The problem is that Suspicion never sells us on its central idea. Johnnie's a glad-handing gold-digger, lazy but hardly homicidal. It's a leap from losing gambling money and pawning family heirlooms to murder. Worse, Lina's suspicion comes from on Johnnie's fondness for mystery novels and a game of anagrams! A creative filmmaker could easily frame Lina as delusional, but Hitchcock gives us a half-baked guessing game, inserting clues then waving them away.
Suspicion
Even so, Suspicion snaps to life in the second half. Hitchcock's interesting touches come here: Harry Stradling Sr.'s brooding photography, casting Johnnie as darkness entering the home; the glowing glass of "poisoned" milk. There's Auriol Lee as a mystery writer who "always thinks of my murderers as heroes," an amusing touch. Suspicion nonetheless remains an Idiot Plot, where the story could be resolved by two characters sitting down and chatting. Unfortunately, that's exactly what happens.
Hitchcock always bemoaned RKO's demanding a happy ending, afraid of alienating audiences and eroding Cary Grant's image. Yet Hitchcock's preferred conclusion seems worse: Lina would passively accept death, drinking Johnnie's poison while sending a letter to alert the authorities. It's a catch-22: if Johnnie's a villain, the story's obvious. If he's innocent, it's been a waste of time. Always fuzzy on plot, Hitchcock nonetheless usually avoided such easy traps.

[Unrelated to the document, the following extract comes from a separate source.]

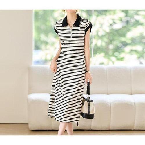 [셀러허브_여성트랜드패션]로제 스트라이프 카라 여름 원피스

No one complains about Suspicion's stars. Joan Fontaine's award-winning performance gives her a variant on Rebecca's Mrs. DeWinter, bewildered, trapped but a tad more assertive. Cary Grant shifts from charmer to menacing figure with remarkable ease. Hitchcock casts character roles well, with Cecil Hardwicke and Dame May Whitty as Lina's parents, Nigel Bruce as the idiot Beaky, and a walk-on for Leo G. Carroll.
Auteurists often present Suspicion as a masterwork mutilated by a brainless studio. But the project's deeply flawed in ways that even an ideal ending couldn't resolve. Suspicion is minor Hitchcock, a decent idea badly handled.